■ Problem requirements
Every line from the one with "Comprar Primavera otoño" to the one with "部分使い:合成皮革 中わた:ダウン90%、フェザー10% |", including those two, is to be copied exactly; all other lines of the entries below are left out.

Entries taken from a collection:

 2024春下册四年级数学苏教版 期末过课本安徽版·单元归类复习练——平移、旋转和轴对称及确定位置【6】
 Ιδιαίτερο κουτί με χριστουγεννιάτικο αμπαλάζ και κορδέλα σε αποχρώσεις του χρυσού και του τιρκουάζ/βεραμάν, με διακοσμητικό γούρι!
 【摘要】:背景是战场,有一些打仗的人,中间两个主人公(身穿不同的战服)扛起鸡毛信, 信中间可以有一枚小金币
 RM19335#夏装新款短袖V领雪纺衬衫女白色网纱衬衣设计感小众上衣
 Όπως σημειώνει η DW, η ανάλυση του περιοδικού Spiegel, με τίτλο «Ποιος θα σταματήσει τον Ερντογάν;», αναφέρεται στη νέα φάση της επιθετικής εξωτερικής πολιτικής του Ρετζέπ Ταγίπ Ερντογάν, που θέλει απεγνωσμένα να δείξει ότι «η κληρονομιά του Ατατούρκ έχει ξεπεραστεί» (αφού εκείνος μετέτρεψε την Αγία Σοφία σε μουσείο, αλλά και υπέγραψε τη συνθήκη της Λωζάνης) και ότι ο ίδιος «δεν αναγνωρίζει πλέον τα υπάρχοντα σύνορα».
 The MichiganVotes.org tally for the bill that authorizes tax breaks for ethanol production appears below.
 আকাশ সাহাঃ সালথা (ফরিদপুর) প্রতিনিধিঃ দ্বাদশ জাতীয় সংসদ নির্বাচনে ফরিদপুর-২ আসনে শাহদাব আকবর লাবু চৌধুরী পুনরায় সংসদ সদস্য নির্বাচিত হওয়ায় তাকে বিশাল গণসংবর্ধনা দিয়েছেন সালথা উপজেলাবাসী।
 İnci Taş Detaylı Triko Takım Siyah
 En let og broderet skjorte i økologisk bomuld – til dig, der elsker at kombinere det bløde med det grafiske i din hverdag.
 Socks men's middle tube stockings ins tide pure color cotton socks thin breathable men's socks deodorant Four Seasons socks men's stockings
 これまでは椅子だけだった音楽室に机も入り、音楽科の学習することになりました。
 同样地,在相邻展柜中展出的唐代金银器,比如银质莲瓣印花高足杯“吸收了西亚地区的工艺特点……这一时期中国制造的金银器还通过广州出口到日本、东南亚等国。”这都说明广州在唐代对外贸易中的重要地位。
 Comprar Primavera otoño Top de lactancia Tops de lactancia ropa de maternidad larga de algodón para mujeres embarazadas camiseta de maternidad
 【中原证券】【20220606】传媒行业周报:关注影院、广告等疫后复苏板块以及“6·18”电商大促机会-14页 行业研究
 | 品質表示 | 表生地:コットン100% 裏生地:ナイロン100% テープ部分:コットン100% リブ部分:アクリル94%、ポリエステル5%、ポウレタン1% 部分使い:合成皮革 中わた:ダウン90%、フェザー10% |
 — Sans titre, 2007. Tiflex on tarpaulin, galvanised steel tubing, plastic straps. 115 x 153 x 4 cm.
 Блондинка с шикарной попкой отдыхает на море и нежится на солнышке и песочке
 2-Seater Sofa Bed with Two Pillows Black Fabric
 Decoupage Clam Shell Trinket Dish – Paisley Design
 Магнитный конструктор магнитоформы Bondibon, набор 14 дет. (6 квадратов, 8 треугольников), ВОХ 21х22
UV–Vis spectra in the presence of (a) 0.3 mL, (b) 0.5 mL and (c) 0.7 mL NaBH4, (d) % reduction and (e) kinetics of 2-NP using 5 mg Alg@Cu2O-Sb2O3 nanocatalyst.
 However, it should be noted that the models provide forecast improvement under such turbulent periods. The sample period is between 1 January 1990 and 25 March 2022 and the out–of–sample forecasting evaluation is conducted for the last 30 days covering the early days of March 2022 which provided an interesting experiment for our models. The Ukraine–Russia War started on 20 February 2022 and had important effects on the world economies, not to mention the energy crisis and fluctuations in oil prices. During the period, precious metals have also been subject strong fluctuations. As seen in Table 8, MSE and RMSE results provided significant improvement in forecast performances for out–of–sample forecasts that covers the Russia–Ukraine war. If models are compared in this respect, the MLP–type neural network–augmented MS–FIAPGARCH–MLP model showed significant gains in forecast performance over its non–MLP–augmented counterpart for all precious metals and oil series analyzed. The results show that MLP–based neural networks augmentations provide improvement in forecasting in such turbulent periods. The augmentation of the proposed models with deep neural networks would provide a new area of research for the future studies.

■ Answer area
 Comprar Primavera otoño Top de lactancia Tops de lactancia ropa de maternidad larga de algodón para mujeres embarazadas camiseta de maternidad
 【中原证券】【20220606】传媒行业周报:关注影院、广告等疫后复苏板块以及“6·18”电商大促机会-14页 行业研究
 | 品質表示 | 表生地:コットン100% 裏生地:ナイロン100% テープ部分:コットン100% リブ部分:アクリル94%、ポリエステル5%、ポウレタン1% 部分使い:合成皮革 中わた:ダウン90%、フェザー10% |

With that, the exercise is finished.